Benda Bilili!

Critic rating:

The band that wouldn't quit

By Stephanie Merry

Friday, Oct 14, 2011

If "American Idol," "So You Think You Can Dance" and Olympics telecasts have taught us anything, it's this: Sometimes the backstory proves more dazzling than the main event. Although the musicians at the center of the documentary "Benda Bilili!" are skilled, their unlikely rise to success is nothing short of miraculous.

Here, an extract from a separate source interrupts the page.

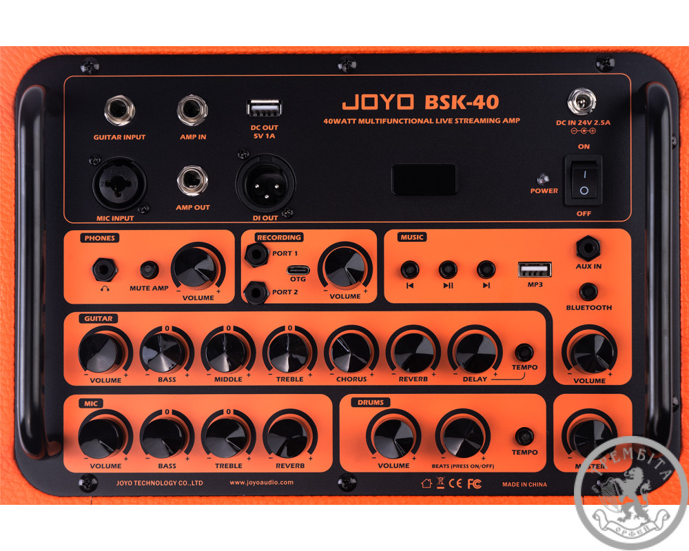 Драм-машина з 20 варіантами ритмічних акомпанементів, роз’єми Amp In і Amp Out, вихід XLR для прямого підключення до мікшерного пульта або аудіоінтерфейсу, jack 3.5 мм вихід для навушників з кнопкою. Комбопідсилювач Joyo BSK-40 має різьбу для кріплення на стійку.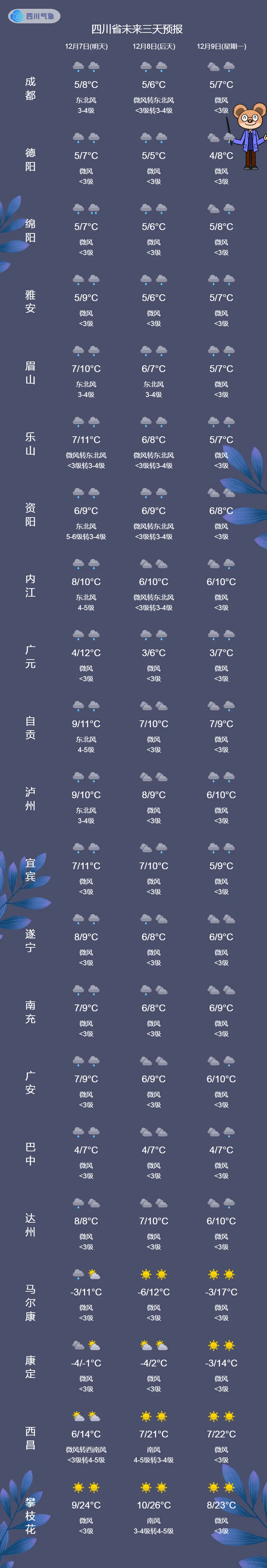 气象万千,小观看天!小伙伴们,早上好!今天是12月7日,星期六。这个周末,盆地多阴雨,大家要注意保暖。

When French filmmakers Renaud Barret and Florent de La Tullaye stumbled upon the members of the Congolese band Staff Benda Bilili, they discovered star power and talent in a band of homeless and disabled street musicians. Long-ago bouts of polio have left the men traveling the streets of Kinshasa on custom-built tricycles with hand pedals. But when the band members get together, they seem unstoppable. Music is their salvation, though never an escape, as songs revolve around making do with little. They sing about sleeping on cardboard boxes and about how, one day, they'll upgrade to mattresses.

The poverty is heartbreaking in a region where small children either work or spend their days panhandling. But glimmers of hope quickly emerge. Take Roger, a small boy who stands out from the crowd. He refuses to beg for money, convinced that he can scrape together a living strumming his monochord, which consists of a single string stretched from an arched piece of wood to a tin can.

The filmmakers introduce him to Ricky, the guitar-picking ringleader of Staff Benda Bilili, which is the first of many times that the documentarians insert themselves into the story. There's something at once adorable and prematurely aged about the boy, and he proves a worthy addition to the group.

Over the course of five years, the film charts the band's painstaking rise to success, from its humble beginnings, when the Kinshasa Zoo served as a rehearsal space and recording studio, through a number of unexpected setbacks. All the while, the group's bluesy blend of traditional African music and R&B serves as the pleasing soundtrack.

The filmmakers' active presence within the film can feel jarring at times, if only because documentarians usually steer clear of intervening (or at least they purport to) in favor of chronicling.

That being said, the band's success is never diminished. The fickle music industry can seem so arbitrary: A talented singer with connections might not make the cut, while a middling performer in the right place at the right time rockets to fame. Staff Benda Bilili's unlikely triumph is an epic feat, with or without anyone's help.

Contains drug use. In Lingala and French with English subtitles.